“L’orientation de ces entités [structures et réseaux pluridisplinaires de plus de 150 M€ de chiffre d’affaires] vers des activités autres que purement d’audit et d’expertise se développe d’année en année”. Tel est l’un des constats dressé dans l’édition 2025 du célèbre classement du magazine La profession comptable. Au point que, si on y ajoute “leur poids économique global qui a encore augmenté de manière importante […], ces progressions illustrent un mouvement tectonique de plaques conduisant certains acteurs majeurs du secteur à poursuivre la diversification de leurs activités”, résume Stéphane Raynaud dans son édito.
Selon lui, la tendance à la diversification se manifeste aussi dans les structures (et leurs filiales) de moins de 150 M€ de chiffres d’affaires retenues pour ce classement. Ainsi, davantage d’entre elles déclarent réaliser des activités non réglementées. Elles sont 54 à le faire contre 48 l’année précédente. De plus, ces activités frôlent, pour la saison 2023/2024 qui sert de base à ce classement 2025, 200 millions d’euros de chiffre d’affaires contre 159 M€ l’année précédente, soit une hausse d’environ un quart alors que les activités réglementées, c’est-à-dire d’expertise comptable et de commissariat aux comptes, ont progressé “seulement” de 9 %.
Ces symptômes peuvent toutefois être relativisés. Notamment parce que la part susceptible d’être considérée comme de la diversification n’a pas beaucoup progressé ces dernières années. Il lui arrive même parfois de diminuer. Ainsi, “le réglementé enregistre une hausse passant à 61,9 % sur l’exercice 2024 (contre 58,3 % l’an passé) pour les structures de plus de 150 M€”. Il s’élevait à 64 % dans le classement 2021. Pour les structures de moins de 150 M€, la part est de 88,1 % (classement 2025) contre 92 % (classement 2021).
Ensuite, une question de fond se pose, celle de la définition de la diversification. Comme nous l’avons déjà évoqué, deux approches existent. La diversification peut être perçue comme l’élargissement de la gamme des activités et/ou des marchés auxquels une entreprise se consacre (voir Le Larousse).

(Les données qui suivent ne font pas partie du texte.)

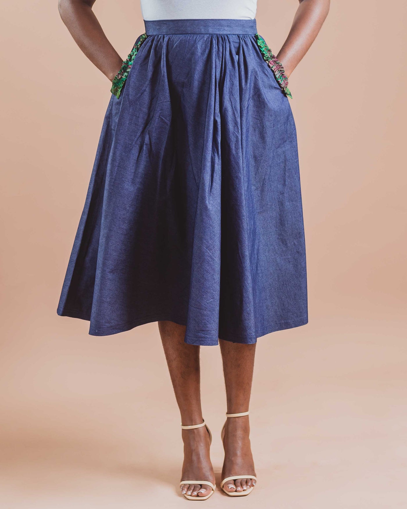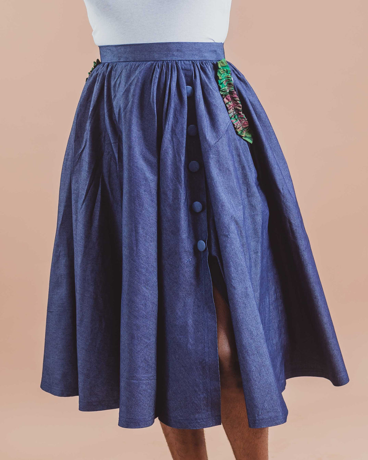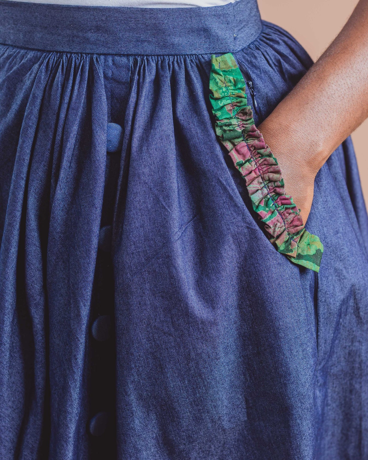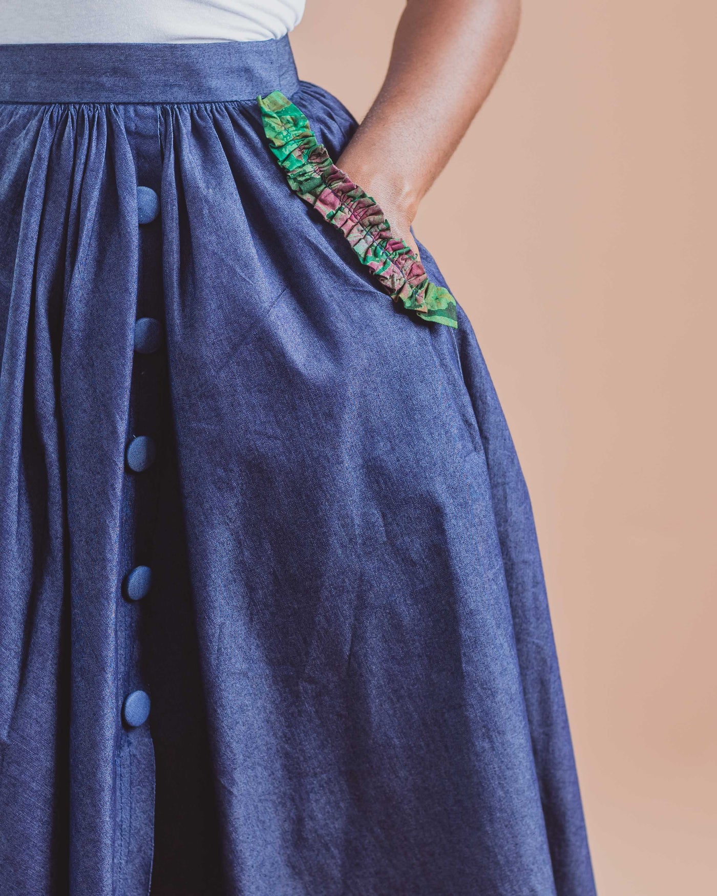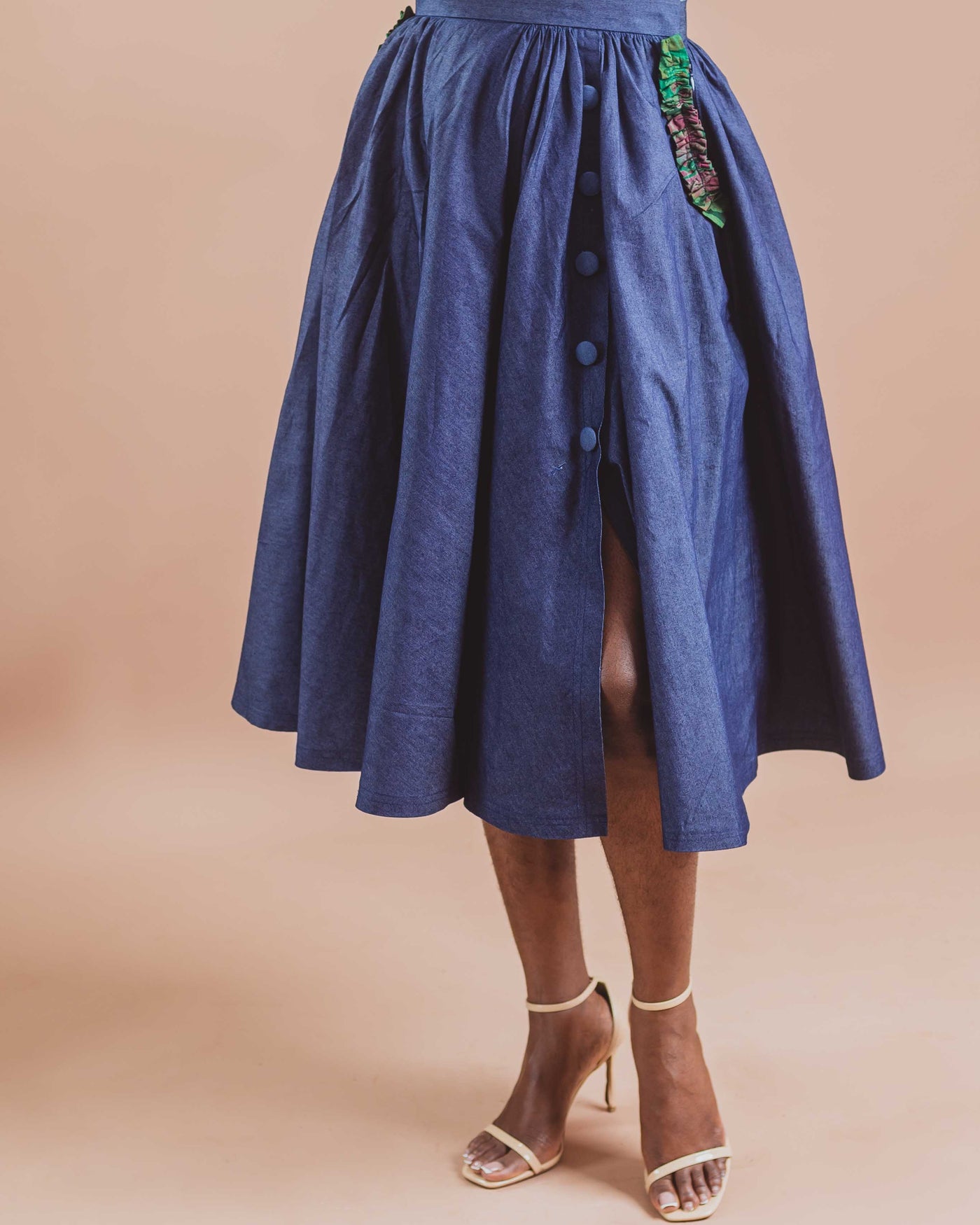 Midi Full gathered denim skirt featuring front slit adorned with covered buttons . SENA has inside pockets and a side zip.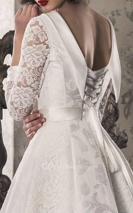 A-Line Lace Satin Weddig Dress With Lace-Up Back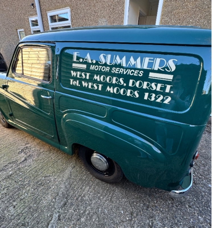 Beautiful example of previously restored A35 van, sign written on both sides and back door. Green...

Il existe aussi une définition plus restrictive, celle issue de la matrice d’Ansoff. Selon ce professeur russo-américain, la stratégie de diversification se manifeste par deux caractéristiques : 1) le lancement d’un nouveau produit et 2) sur un nouveau marché. Pour un expert-comptable offrant les services coeur de métier (comptabilité, fiscalité et social) exclusivement à des TPE, cela pourrait se manifester, par exemple, par le déploiement d’une offre — nouvelle donc — d’aide au pilotage à des PME. Si l’on retient cette deuxième approche, cela limite le potentiel de diversification des cabinets comptables. Et les deux définitions renvoient à un sujet qui est difficile à apprécier à l’échelle globale de la profession comptable puisqu’il faudrait, idéalement, analyser la stratégie de chaque structure d’exercice professionnel. Une offre d’aide au pilotage peut relever d’une nouveauté pour un cabinet mais de la continuité pour un autre.

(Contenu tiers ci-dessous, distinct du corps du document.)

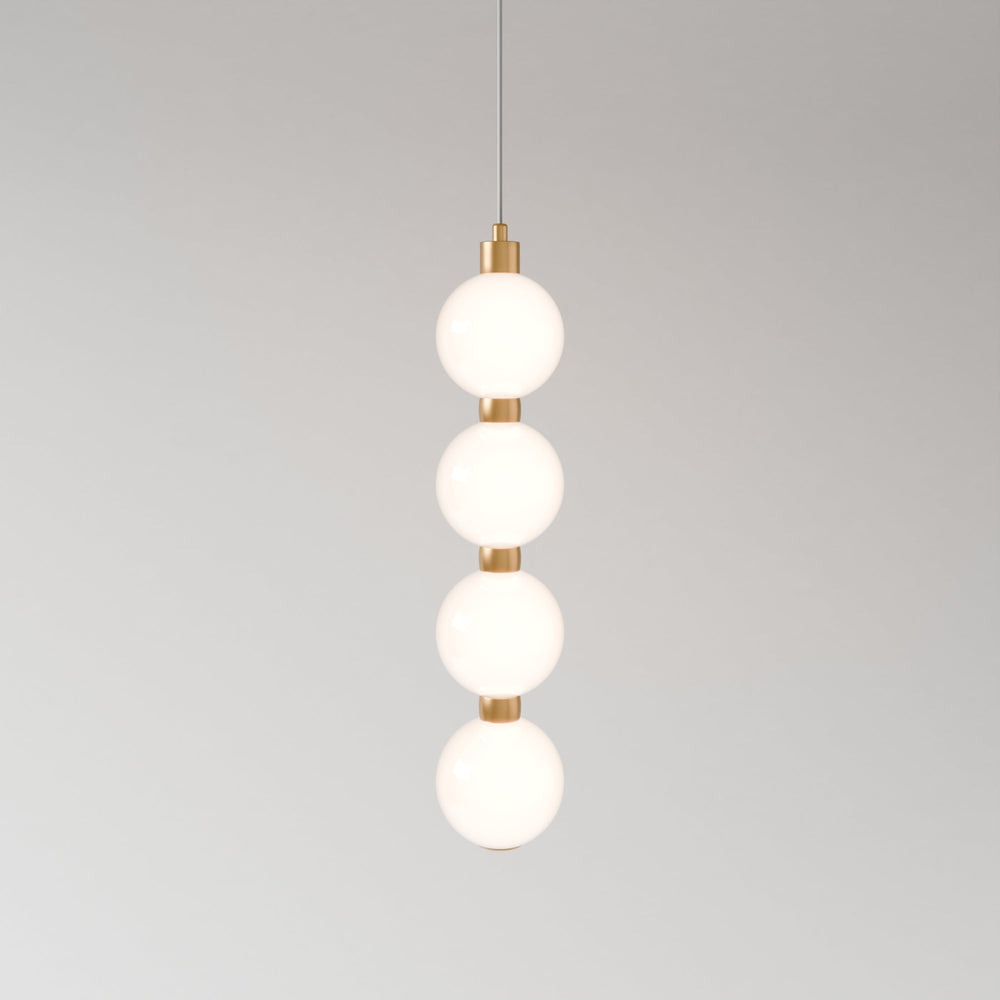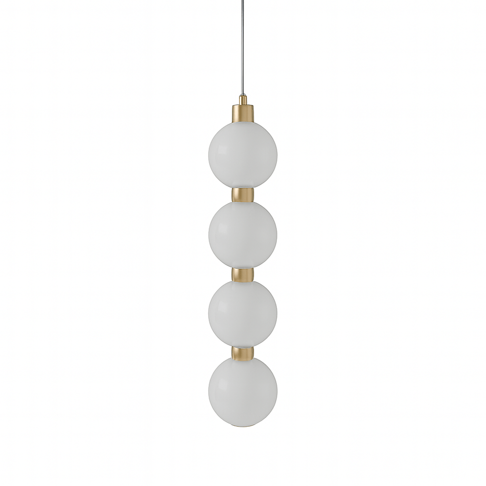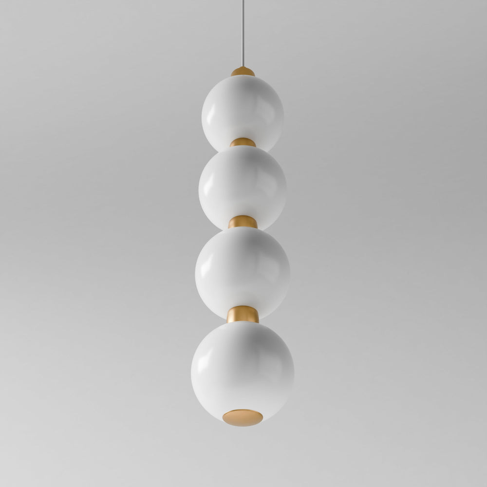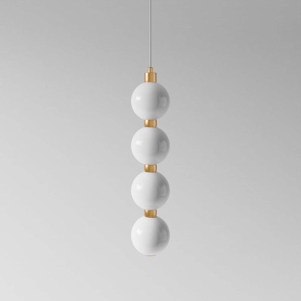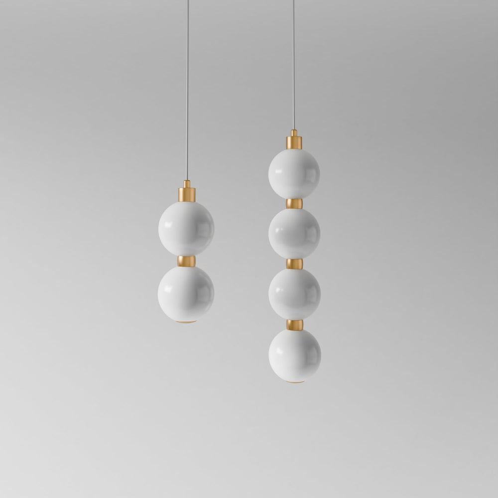 Vertical acrylic balls and sleek metal elements form a stunning, luxurious lighting effect.

D’autres éléments peuvent perturber, voire biaiser, l’analyse. Ainsi, une activité non réglementée (au plan juridique) telle que la paie peut être réalisée via une structure inscrite à l’Ordre des experts-comptables — ce qui peut ainsi, dans la logique du classement de La profession comptable, “assimiler” au plan économique la paie à une activité réglementée — comme via une structure qui ne l’est pas mais qui appartient à un groupe contrôlé par un expert-comptable — ce qui peut alors “assimiler” au plan économique la paie à une activité non réglementée. Enfin, un cabinet peut fournir des services non traditionnels sans pour autant les facturer distinctement, ce qui les rend alors “invisibles”. La mesure de la diversification de la profession comptable reste un exercice délicat.